During last October's conference, 9,000 patrons browsed the emporium for Ladies Night, offered during the Saturday night slot when male teens and adults attend their two-hour priesthood session at the conference.
This spring, Ladies Night starts at 6 p.m. March 31, with Lisa Clark, star of the new Web series "Pretty Darn Funny," serving as emcee.
Entertainment includes the musical trio Mercy River and blogger Stephanie Nielson. In 2005, Nielson began sharing the joys of motherhood in her NieNie Dialogues, writings that later expanded to include the challenges she faced after being seriously burned in an airplane crash.
On Temple Square, its history-rich restaurants that provide food to visitors year-round will also ramp up to quickly feed the conference masses.
"We get to the point that we have so many people here in such a short time that it's hard for them to get what they need," said Neil Wilkinson, sales and marketing director for Temple Square Hospitality. "So we add a bunch of stuff."

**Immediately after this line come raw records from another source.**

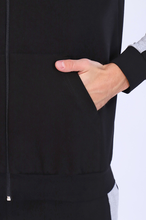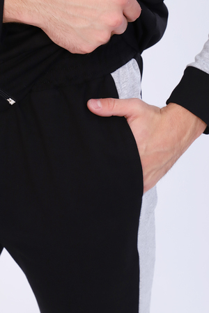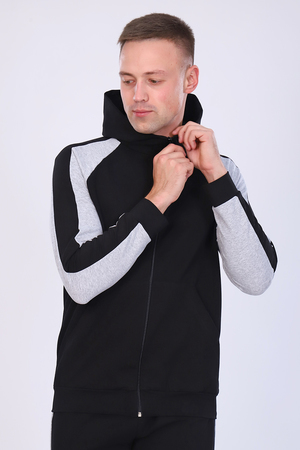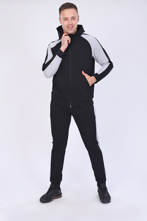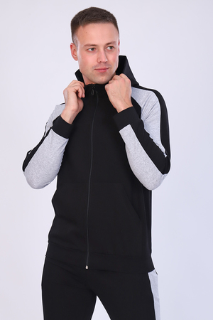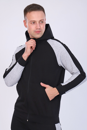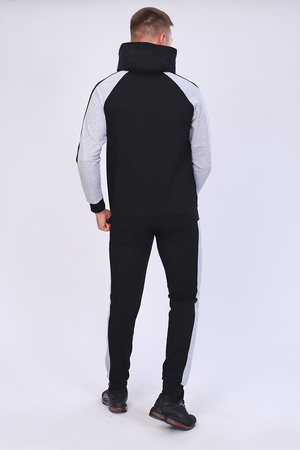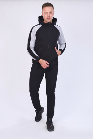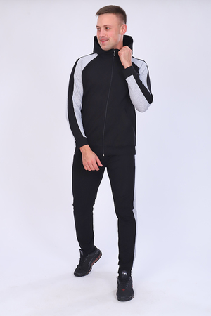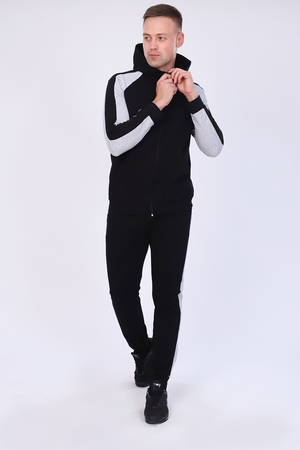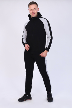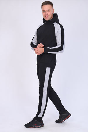Костюм мужской олимпийка на молнии, карман кенгуру, капюшон продублирован хлопковой подкладкой и брюки с карманами с лампасной вставкой и манжетами, комбинированная отделка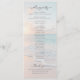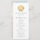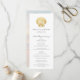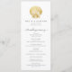 Elegante programa de casamento sobre o tema da concha de ouro moderna em um tamanho muito fino com uma foto de um fundo azul-turquesa de praia oceânica que pode ser substituído por sua própria foto de férias de noivado ou praia para personalizar o divertido design do programa tropical. Sofisticado e minimalista para um casamento costeiro chic.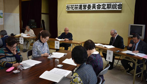 [写真/新年度事業などを承認した総会(桜花荘運営委員会) ]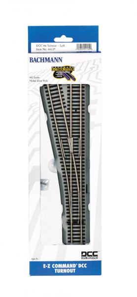 E-Z Command® E-Z Track® DCC decoder-equipped turnouts give you control of your trains and turnouts from your E-Z Command Controller System (sold separately). These HO E-Z Track components feature nickel silver rail, gray roadbed, electrically wired frogs for reliable operation and require no special wiring or control boxes. These turnouts are compatible and compliant with all NMRA-standards DCC systems. Not suitable for standard DC layouts.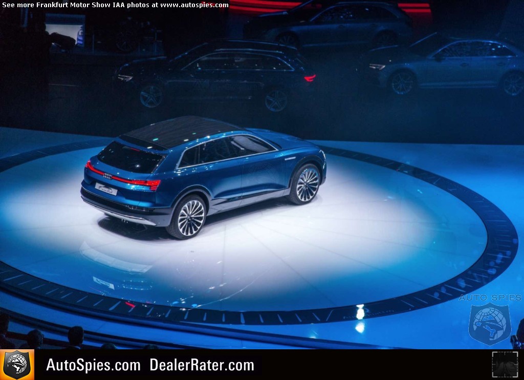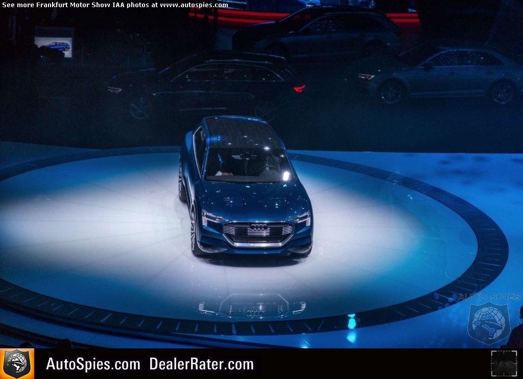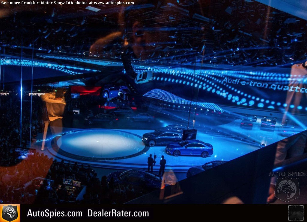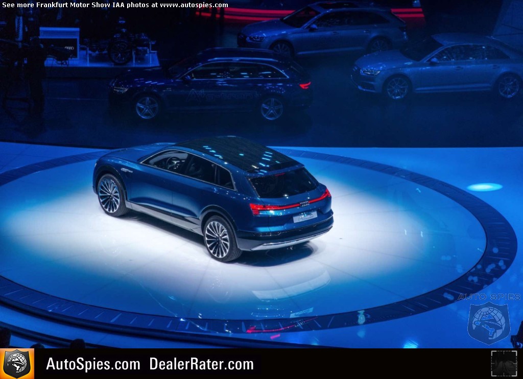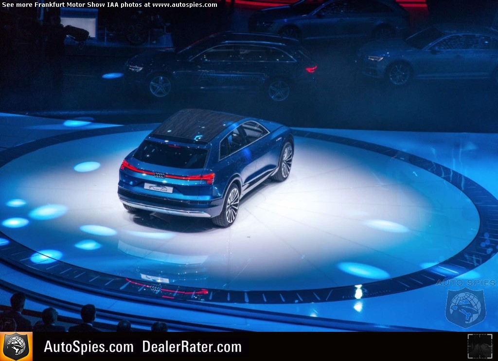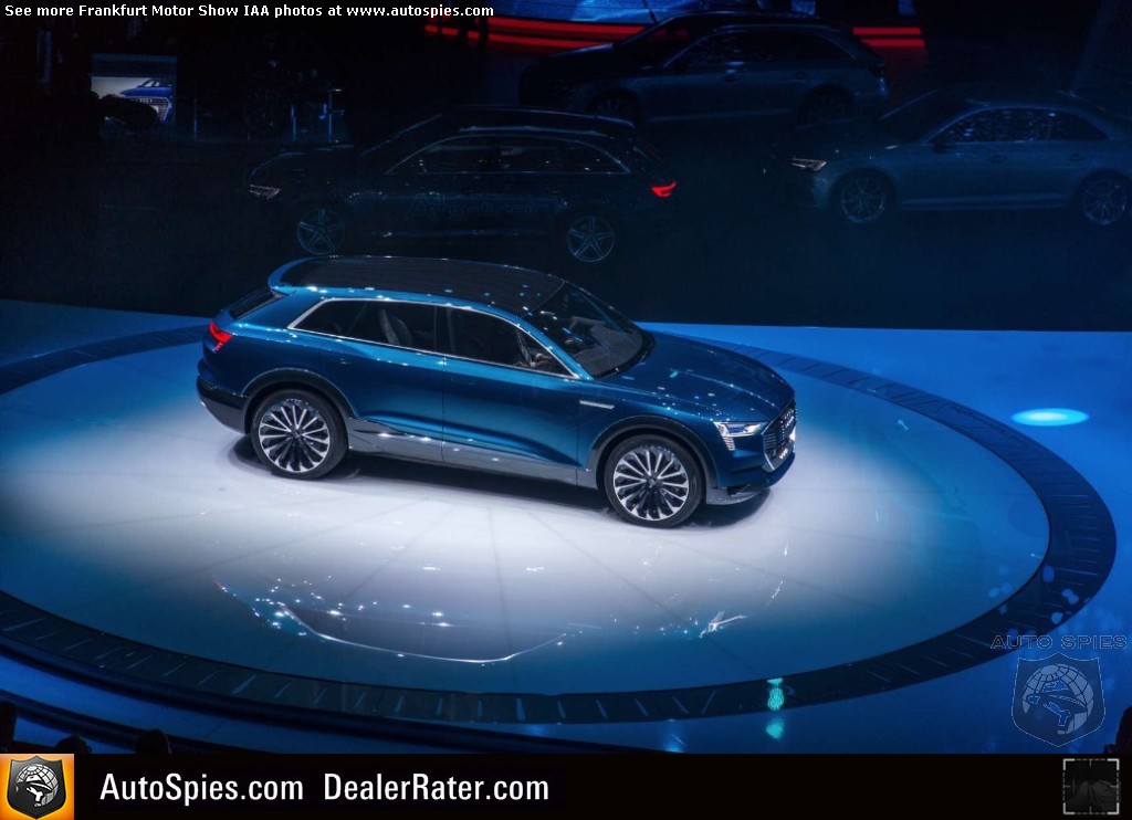 If you've been sitting at the office or at home wishing you could be at the 2015 Frankfurt Motor Show (IAA), have no fear. Agent 001's on the case. One of the shows big debuts is the all-new Audi e-tron quattro concept. This all-electric sport-utility vehicle gives us a glimpse into what Audi is thinking up in terms of performance as well as design for its upcoming vehicles.2015 Frankfurt Motor Show (IAA)**READ the Audi e-tron quattro concept's press release HERE!Considering we know the company is working on an all-new, fully electric Q6 this may be the four rings' way of testing the waters. Just a refresher of the key facts. Total system output is around the 430 horsepower area with boost taking you up to about 500 ponies and 590 lb.-ft. of torque. Zero to 60 happens in 4.6 seconds. According to Audi the vehicle can do about 310 miles on a full charge and it will take approximately 50 minutes to juice up. While this all sounds great, make sure to scope out 001's up close and personal images, below. 2015 Frankfurt Motor Show (IAA)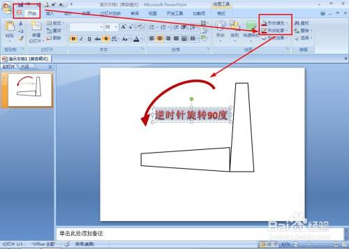 选择环形箭头——起头——外形填充和外形轮廓都设置为红色——插入文本输入:逆时针扭转90度。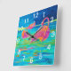 à l'original watercolor painting par Anne Ormsby of three flamingos adorns this colorful wall clock.

Extra offerings include a Saturday lunch buffet at The Roof, the restaurant positioned near the top of the Joseph Smith Memorial Building.
The Nauvoo Cafe and Lion House Pantry will also sell hundreds of box lunches for attendees to enjoy outside among the flowers on Temple Square, Wilkinson said.
The Temple Square eateries also shut their doors on Sundays.
"I think the city benefits tremendously from General Conference," Wilkinson said. "People come and walk the city and visit other restaurants, as well."